2025 Yukon Liberal Party leadership election
| Candidate | Mike Pemberton | Doris Bill |
| Results | 442 (50.75%) | 429 (49.25%) |
| Leader before election Ranj Pillai | Leader after election Mike Pemberton |

= 2025 Yukon Liberal Party leadership election =

Canadian territorial party election

The 2025 Yukon Liberal Party leadership election was held on June 19 in Whitehorse. The election was called as a result of the party leader and premier Ranj Pillai's decision to announce his pending resignation on May 7. The party elected Mike Pemberton as its new leader, in a narrow margin.

==Background==
The deadline to submit a candidacy was May 29.

Party members could vote in person in Whitehorse or by proxy. The party uses a ranked preferential ballot (instant-runoff voting), but only two candidates entered the race, so there was no need for vote transfers or subsequent rounds of vote counting as happens sometimes under IRV.

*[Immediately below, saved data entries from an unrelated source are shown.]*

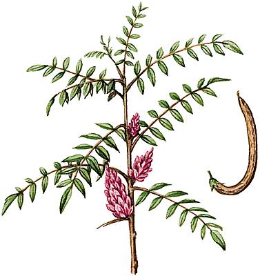 Arbuste gracieux à feuilles finement divisées en folioles, vert grisé. Il produit de minces épis de petites fleurs rose pourpré. Elles seront également utilisées sous réserve.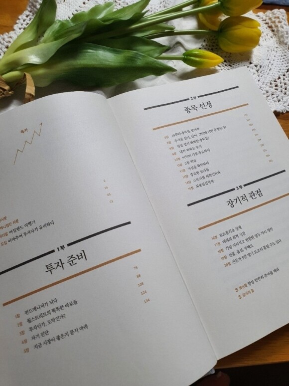 3부로 걸쳐진 투자 준비부터 종목선정 장기적 관점을 내다보며 2부와 3부는 초보인 나에게도 아주 쉽게 읽을 수 있는 주식 투자 성공 요소들을 이야기 해주고 있다지요.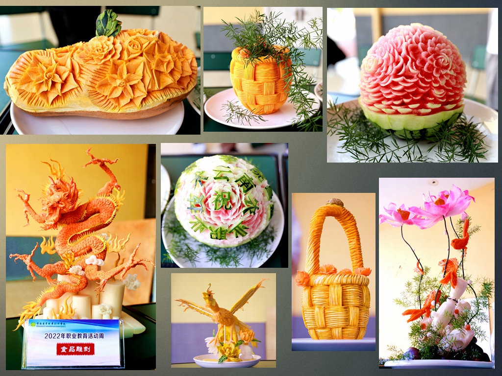 食品藥品與大健康學院展區,烹調班的同學展示了食品雕刻,精湛的雕刻功底讓平平無奇的蔬菜瓜果變成栩栩如生的藝術品;藥品班的同學則是展示醫療器械的規范操作流程,并在現場幫助同學們測量血壓和血糖,講解健康小知識。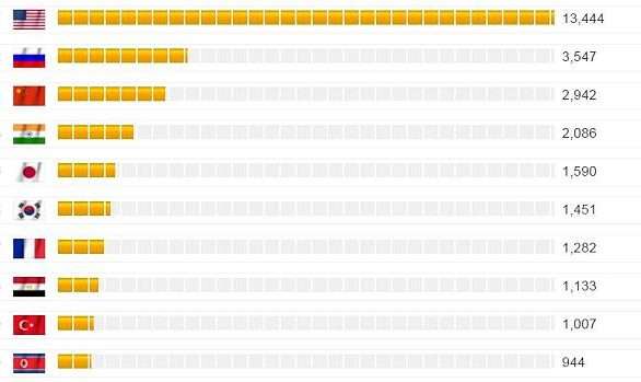 Sikurse në çdo ranglistë të forcave të armatosura edhe këtu prin SHBA-ja dhe menjëherë pas saj vijnë Rusia dhe Kina. Por, radhitja është bërë mbi bazën e 40 kritereve

To join the party, one must have been a Yukon resident and at least fourteen years of age. There was no minimum period one had to live in the territory to be eligible to vote, and Canadian citizenship was not a requirement. Following the results, runner-up Doris Bill accused winner Mike Pemberton of signing up recent immigrants to the territory as party members.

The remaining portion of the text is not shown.